Existe, no entanto, um aspecto que eu acho muito importante: Segundo a teoria de Maxwell,
um elétron acelerado, bem como uma carga elétrica, emite energia radiante. E a física
moderna continua aceitando esta idéia, desde que o elétron não se encontre numa órbita
permitida. Que dizer sobre um elétron, ou uma carga elétrica, em
repouso num campo gravitacional? Estaria a teoria de Maxwell também incompleta no que diz
respeito ao comportamento de cargas elétricas em campos gravitacionais? Ou o Princípio
da Equivalência não é tão geral quanto suposto por Einstein? (19) E, neste caso, em que isto afetaria sua Teoria da
Relatividade Geral?
e) Paradoxos da Física Moderna
////////Nada falamos, ainda, sobre o caráter
dualista do elétron, o qual mostra-se compatível com algumas interpretações da
"realidade quântica". Neste item comentaremos algumas analogias entre o
"elétron quântico" e o "elétron relativista".
////////O "elétron quântico"
seria aquele que "está autorizado" a não obedecer a teoria de Maxwell quando
numa "trajetória permitida"; e o "elétron relativista" seria o que
"está autorizado" a não obedecer a teoria de Maxwell quando num campo
gravitacional, obedecendo, assim, o princípio da equivalência de Einstein [vide o
comentado em (19)]. Ambos, nestas condições,
desobedecem algum princípio em detrimento de outro, afim de que emitam, ou não, energia
radiante.
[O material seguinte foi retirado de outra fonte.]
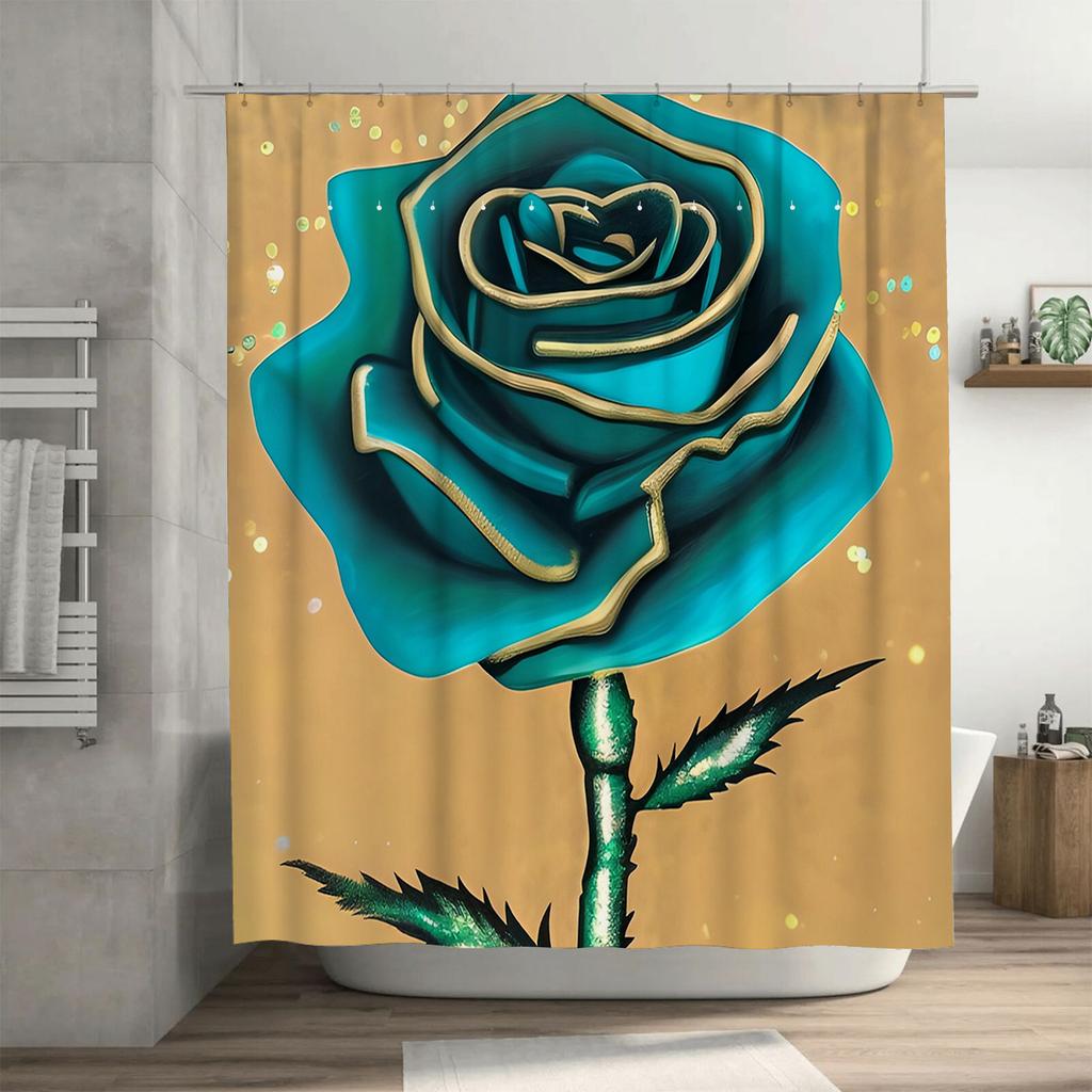 Teal Rose Shower Curtain - Luxurious Gold-Trimmed Floral Design For A Waterproof And Unique Bathroom Dcor Set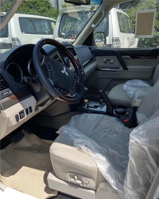 内饰方面:19款三菱帕杰罗相较于老款,档次感有了明显的提升。对称性的中控台加入了木纹饰板的装饰,瞬间感觉档次感满满,中间部位镶嵌有一块大尺寸液晶显示屏,支持车载互联、蓝牙、GPS导航等功能,科技感十足,多功能方向盘的设计没有什么变化。在座椅方面,该车采用仿皮+真皮包裹,舒适性上也还不错。在配置上,新车配备有ESP车身稳定系统、刹车辅助、主/副安全气囊、定速巡航、中央差速锁、电动天窗等,配置很是厚道。

Por outro lado, o "fóton quântico", ao viajar no espaço,
comporta-se como se fosse uma onda; e o "fóton relativista", ao viajar num
campo gravitacional, mostra-nos um caráter corpuscular, ou seja, sofre os efeitos deste
campo (ainda que possamos dizer que é o espaço que se modifica, e não o fóton em si).
Sabemos ainda que no seu contato com a matéria, e portanto no seu relacionamento com
elétrons, o "fóton quântico" comporta-se freqüentemente como se fosse um
corpúsculo (efeitos fotoelétrico e Compton) em interação com outro corpúsculo (o
"elétron quântico); e o "elétron relativístico" emite luz quando num
referencial acelerado, um fenômeno que é explicável através da natureza
matemático-ondulatória do que é emitido (variação de campo), ou seja, do fóton.
////////Estas aparentes incompatibilidades
entre eletromagnetismo, relatividade e física quântica, por um lado, e caráter
corpuscular ou ondulatório, por outro, traduzem-se no antagonismo física moderna, de um
lado, e intuição e senso comum, de outro.
f) O Realismo "Relativista"
////////No próprio
ano de 1916, Einstein formulou o Princípio Geral da Relatividade, em que generalizava o
Princípio de Galileu para outros sistemas de referência e incorporava ao mesmo as
idéias contidas em seu princípio da equivalência:
Princípio da Relatividade Geral (PRG): As
leis da natureza são as mesmas, quaisquer que sejam os sistemas coordenados gaussianos em
que sejam formuladas (20).
////////Trata-se, sem sombra de dúvidas, de
um princípio discriminador, conferindo às leis da natureza um privilégio não
intuitivo. Poderíamos então concluir que o princípio admite, além das leis da
natureza, uma outra categoria de universais: a expressão matemática das leis da
natureza. Mas isto é equivalente a concluir pela existência de um novo tipo de realismo,
não descrito nos itens anteriores:
Realismo "Relativista": Doutrina
que admite, "a priori", o princípio da relatividade geral.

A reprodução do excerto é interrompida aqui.